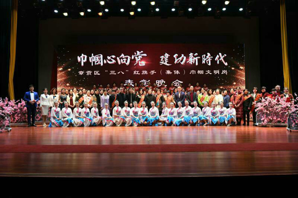 2018年3月7日晚,章貢區(qū)舉行慶祝“三八”國際勞動婦女節(jié)107周年暨“巾幗心向黨.喜迎十九大”表彰晚會。大會表彰了榮獲章貢區(qū)三八紅旗手20名、三八紅旗集體10個單位、巾幗文明崗10個單位。
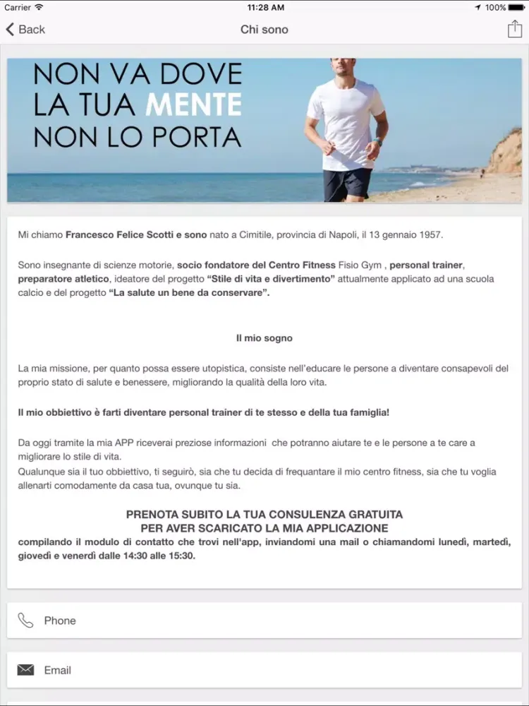 Sono insegnante di scienze motorie, socio fondatore del Centro Fitness Fisio Gym , personal trainer, preparatore atletico, ideatore del progetto “Stile di vita e divertimento” attualmente applicato ad una scuola calcio e del progetto “La salute un bene da conservare”.
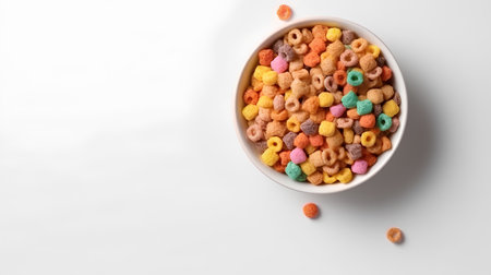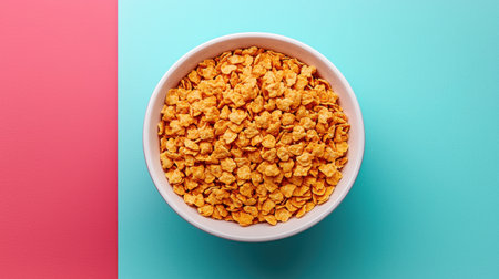 Cereal flakes in bowl with copy space,Breakfast concept.Food with delicious fruity taste and fruity colours.It's made with maize,wheat,and barley
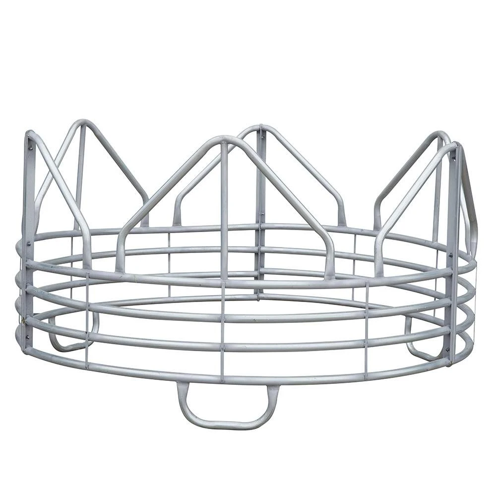 Designed to be free of head and foot traps, the Heavy Duty Round Bale Feeder is ideal for feeding round bales of hay to your horses. This feeder serves to decrease decrease hay loss. The smooth, rounded top loops prevent horses from rubbing their manes. The Galvanized Finish helps the product resist rust and corrosion to add years of life to your investment.

────────────────

EXERCISE DETAILS =>
Going from the line holding "Cereal flakes in" to the last line of the data above, reproduce every line exactly, both included, with the pictures omitted.

SOLVED PROBLEM =>
 Cereal flakes in bowl with copy space,Breakfast concept.Food with delicious fruity taste and fruity colours.It's made with maize,wheat,and barley
 Designed to be free of head and foot traps, the Heavy Duty Round Bale Feeder is ideal for feeding round bales of hay to your horses. This feeder serves to decrease decrease hay loss. The smooth, rounded top loops prevent horses from rubbing their manes. The Galvanized Finish helps the product resist rust and corrosion to add years of life to your investment.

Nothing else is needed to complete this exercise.